Oct 6
This week I looked at looking at the optimization problem piece by piece. I'm not sure I did it exactly how we were discussing, but I thought about each population and sampling characteristic involved in quadrat sampling and how they relate to each other. I also got limits for the upper and lower values of these characteristics. They are very rough and based on a paper that gives examples of quadrat sampling being used in the field.
I also looked at small examples that I could work out analytically to better understand how sample size and variance work. Doing this, I found that the expected sample size is the percent sampled times the total population size, which makes sense.

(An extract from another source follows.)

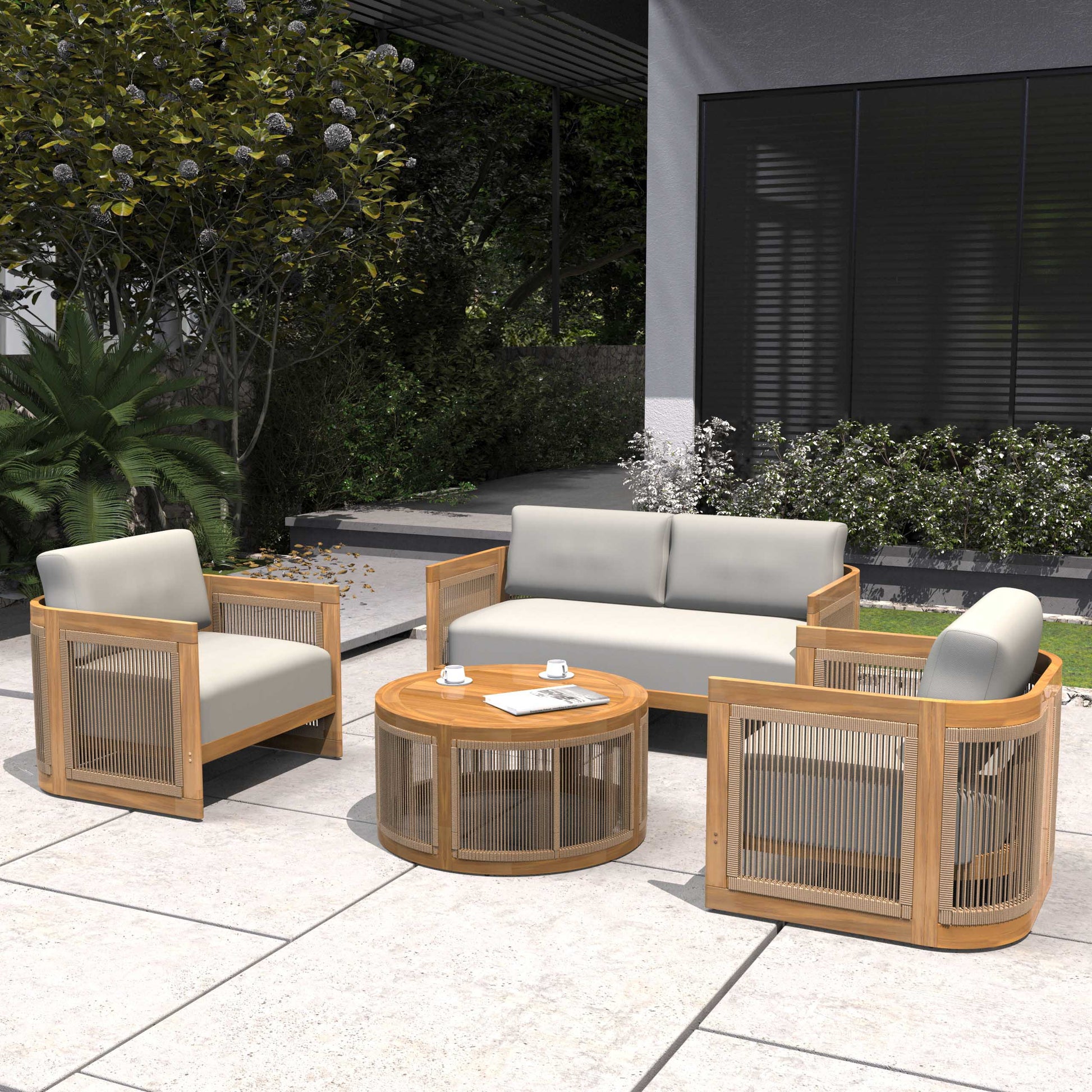 Upgrade your patio or garden lounge with this elegant 4-seat solid acacia wood sofa set. Designed with one spacious double-seat sofa, two individual armchairs, and a round wood coffee table, this set blends natural warmth with minimalist style. The smooth finish, thick cushions, and low-profile design bring effortless comfort to any outdoor space.

I also looked at variance, but haven't been able to calculate an explicit expression. I've found that it depends on number of quadrats in the population, % of quadrats sampled, between-quadrat variability (the variance of the populations in all of the quadrats), and possibly total sample size. I say possibly because when you divide the variance by between-quadrat variability the variance depends only on number of quadrats in the population and % sampled. When you don't do this, variance increases by n^2 as population size increases by n. I guess the way to think about this is that the effect of population size is wrapped up in between-quadrat variability, but I'm not positive.
I'm not sure precisely how variance changes with number of quadrats and percent sampled. Attached is a text file with (at the bottom) results for the variance divided by between-quadrat variability for 16, 9, and 4 quadrats. This data holds for any population.